Olupdase alfa, which is branded as Xenpoyzme, is an engineered version of the sphingomyelinase enzyme that is either deficient or defective in ASMD patients. Approval of the enzyme replacement therapy is based on the results of two clinical trials, one in children and the other in adults. Results of the placebo-controlled adult study showed that treatment with Xenpozyme improved lung function and reduced spleen size after 52 weeks, meeting the main goals of the clinical trial. The open-label pediatric study showed improvement from baseline in the measures of lung function and spleen size after one year of treatment.
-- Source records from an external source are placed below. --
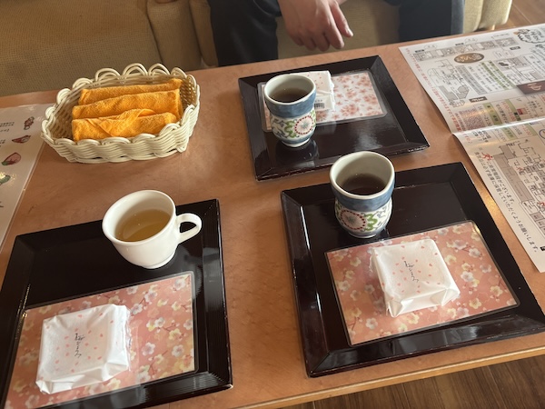 チェックイン時には、温かいお茶とお着き菓子を頂きました。
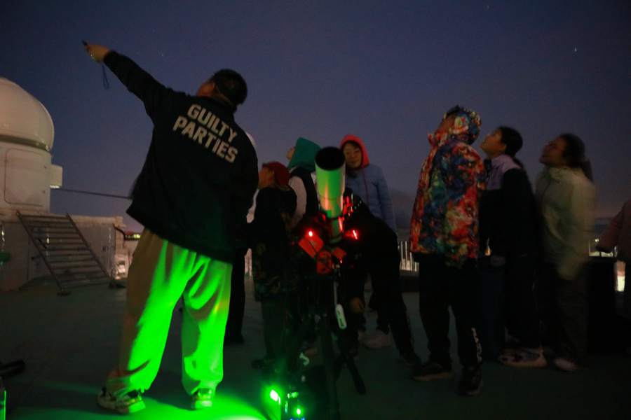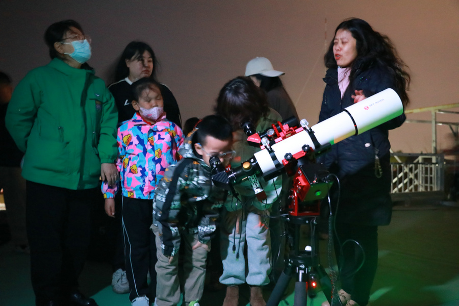 夜幕降臨,參加活動的學(xué)員家庭走進(jìn)悟空天文臺,近距離接觸“內(nèi)蒙古天眼”——自治區(qū)最大的單口徑光學(xué)望遠(yuǎn)鏡,學(xué)習(xí)望遠(yuǎn)鏡構(gòu)造與應(yīng)用原理。在老師的指導(dǎo)下,通過望遠(yuǎn)鏡觀測春季星空,辨識星座,領(lǐng)略土星光環(huán)、月球隕石坑等天象奇觀?;顒舆€特別設(shè)置了“天文趣味知識大挑戰(zhàn)”,以互動問答鞏固學(xué)習(xí)成果,孩子們爭相搶答,展現(xiàn)出對宇宙的無限好奇。
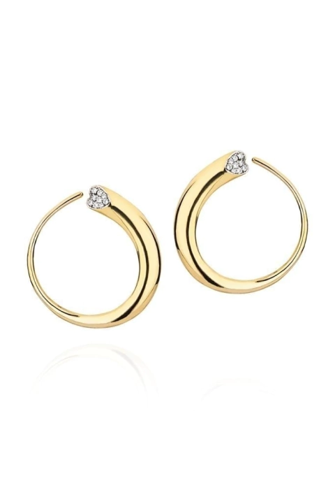 Introducing the Brinco Argola Coleção Eterna—a magnificent pair of earrings that embodies elegance and timeless beauty. Crafted from luxurious 18k yellow gold, these hoops feature a stunning heart design adorned with 0.09cts of sparkling diamonds, adding a touch of sophistication to your look.
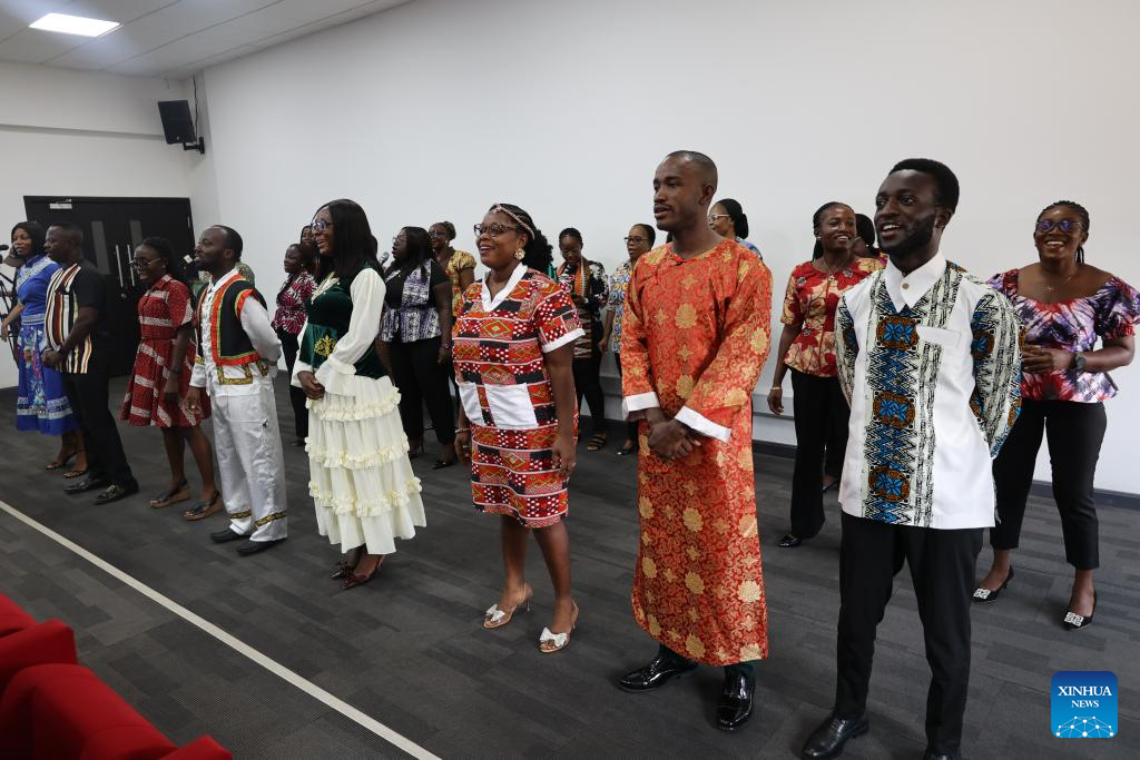 Estudantes ganenses recém-formados em um programa de treinamento em proficiência em língua chinesa cantam música chinesa na cerimônia de formatura em Acra, Gana, em 12 de março de 2026. Pelo menos 81 funcionários do setor público ganense do Ministério das Relações Exteriores e de outros ministérios, departamentos e agências se formaram na quinta-feira em um programa de treinamento em proficiência em língua chinesa com duração de 11 semanas. (Foto de Seth/Xinhua)
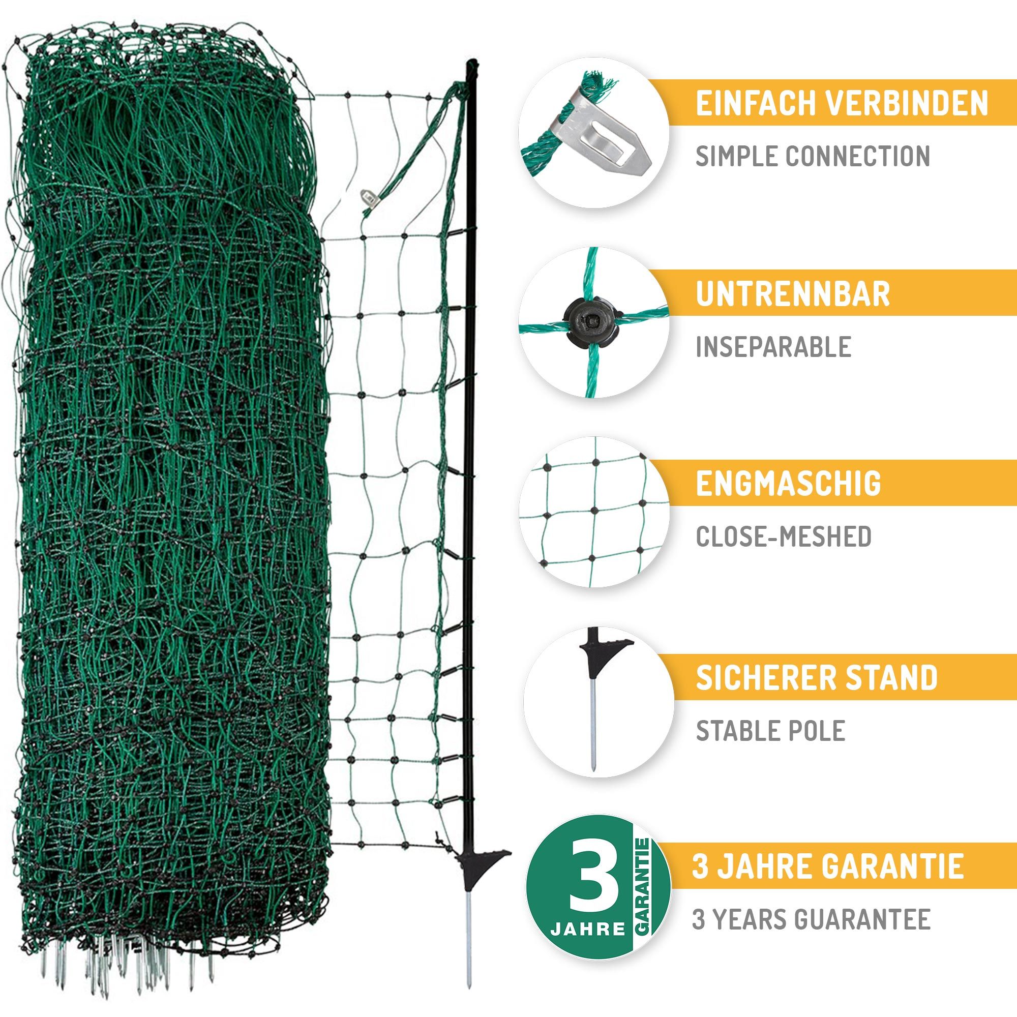 Med Agrarzone Poultry Net Premium Fiber kan du förvänta dig ett robust och lätt betesnät för fjäderfähållning. Hönsnätet övertygar med sina robusta glasfiberstolpar, som har en betydligt högre stabilitet jämfört med plaststolpar och dessutom är lättare och mer hållbara. Det stabila hönsnätet är lätt att sätta upp, utvidga och demontera. Hönshägn utan el kan enkelt utökas med andra nät eller en grind för beteshägn. Betesnätet kan sättas upp och tas ner på några sekunder, vilket gör det perfekt för korta betesperioder. Den kan enkelt rullas ihop och förvaras för att spara utrymme.
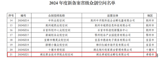 (本网讯 艾欢 黄灿)2月24日,湖北省科技厅公布了《关于公布2024年度新认定省级科技企业孵化器和新备案省级众创空间的通知》,我校创业孵化基地经组织申报、市科技局审核推荐、省科技厅实地核查等环节,成功备案省级众创空间。这是学校继2023年备案市级众创空间、2024年获批省级创业孵化示范基地后,在创新创业平台建设上取得的又一新突破。

Regulatory approval does not cover ASMD that has manifest in the central nervous system, which was not tested in clinical trials. Xenpoyzme has also not been tested in patients with ASMD type A.
The intravenously infused therapy was well tolerated by patients. The most common adverse effects reported in the adult study included headache, an inflammatory attack of the pharynx and nasal cavities, upper respiratory tract infection, cough, and joint stiffness. In the pediatric study, adverse effects deemed serious were reported in three patients. One patient had two transient cases of elevated liver enzymes, which can be a sign of drug toxicity. Another patient had a case of hives and rash. The third patient had an anaphylactic reaction. No patients permanently discontinued treatment due to an adverse effect.
“The ASMD community has waited many years for a treatment for this rare and debilitating genetic disease,” John Reed, Sanofi executive vice president and global head of research and development said in a prepared statement. “The approval of Xenpozyme by the European Commission represents a transformational shift in what we can offer to patients, demonstrated by the clinically important improvements across major manifestations of ASMD and the sustained effects noted over longer-term treatment.”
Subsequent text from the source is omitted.